Итак, она очутилась не в стенах крепости, как надеялась, а вне их. Что же ей предпринять? Вернуться обратно? Но какую пользу это принесет им с отцом? Идти дальше? Но она может попасть в руки матабеле, лагерь которых находится где-то поблизости, в чем она убедилась, когда с высоты конуса увидела белого человека.
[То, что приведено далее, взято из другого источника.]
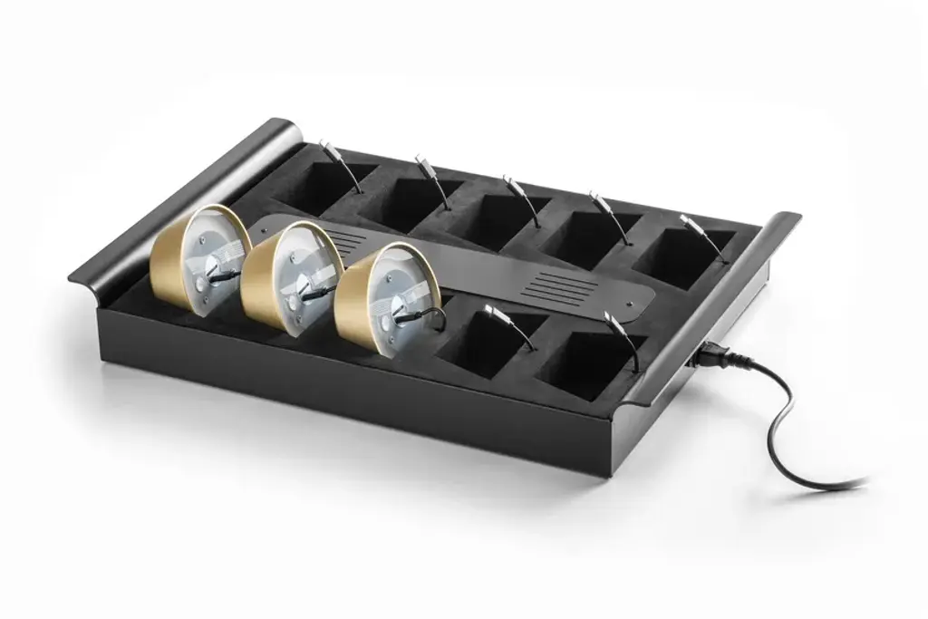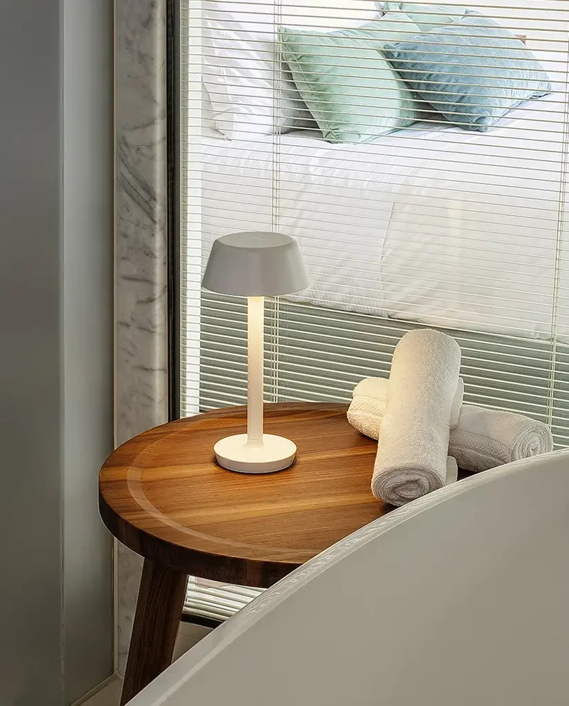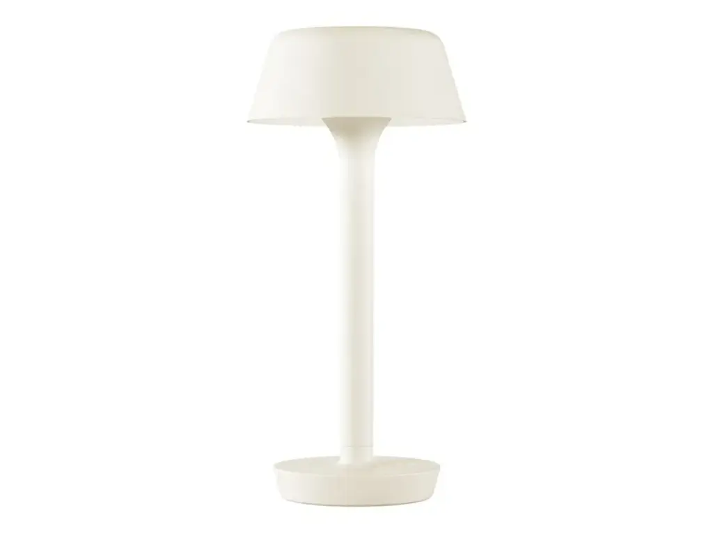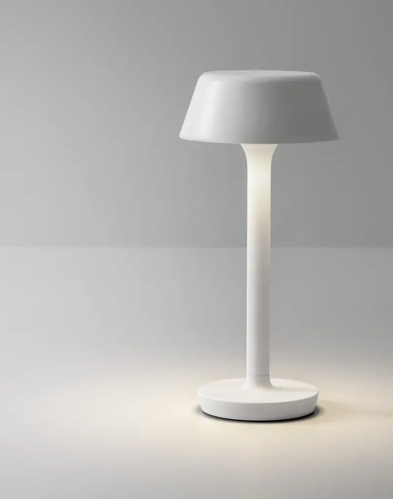 FIREFLY IN THE SKY is an outdoor and indoor battery table lamp with LED. Table lighting fixture for indoor or outdoor spaces, with direct light emission.Die-cast aluminium bearing base in polyacrylic paint.Body in brass and aluminium in champagne, mat black, corten, bronze, textured olive green, textured soft white and textured natural terracotta polyacrylic paint.Removable head with magnetic fastening, in die-cast aluminium with polyacrylic paint.Silicone gaskets.Modelled acrylic diffuser with mat finish and serigraphy.Stainless steel screws.Push-button to adjust luminosity according to 5 levels of visual comfort.Battery status indicator integrated into the head.Equipped with Li-Po battery USB-C rechargeable, with up to 6 hours life at 100% of light emission and up to 24 hours life at 25%.Equipped with battery charger with USB-C connector and adapter plug.Firefly in the sky is a battery table lamp. The removable head contains magnetic coupling system, rechargeable battery via USB-C, LED source and Step DIM control with 5 light intensity settings. Depending on the conditions of use for a recharge of approximately 4 hours, an autonomy of approximately 6 hours is estimated with 100% light intensity and approximately 24 hours with 25% light intensity. Anti-slip base included. Textured olive green, textured soft white, textured natural terracotta and corten are added to mat black, bronze and champagne finishes available.

Ах, если бы только он был жив и она могла найти его! Может быть, эти дикари оставили его в живых. Это было безумием, но она решила попытаться отыскать его; что-то внутри нее толкало Бениту на это опасное дело. Если бы ее попытка не увенчалась успехом, она могла бы проскользнуть под стены крепости и позвать на помощь макаланга, которые наверняка сумели бы втащить ее на веревке на стену прежде, чем подоспели бы матабеле. Она решила, что ни за что не вернется с пустыми руками в эту ужасную пещеру, чтобы встретить там с отцом жалкую смерть. Лучше погибнуть здесь, на открытом воздухе, под звездами, хотя бы от ассегая матабеле или от собственной пули.
Бенита осмотрелась кругом, чтобы запомнить место на тот случай, если ей придется вернуться ко входу в пещеру. Это оказалось нетрудно, так как в сотне футов над ее головой, где обрывистая стена скалы слегка выпячивалась вперед, — на том самом месте, куда, согласно легенде, упало тело Бениты да Феррейра, — из расщелины росла искривленная мимоза. Чтобы точно отметить место входа в подземелье, девушка пригнула к земле пучок камышей, затем зажгла несколько серных спичек и бросила их в проход, чтобы их запах отпугивал крокодилов; на случай возвращения она спрятала фонарь под камнем рядом с отверстием, ведущим в пещеру.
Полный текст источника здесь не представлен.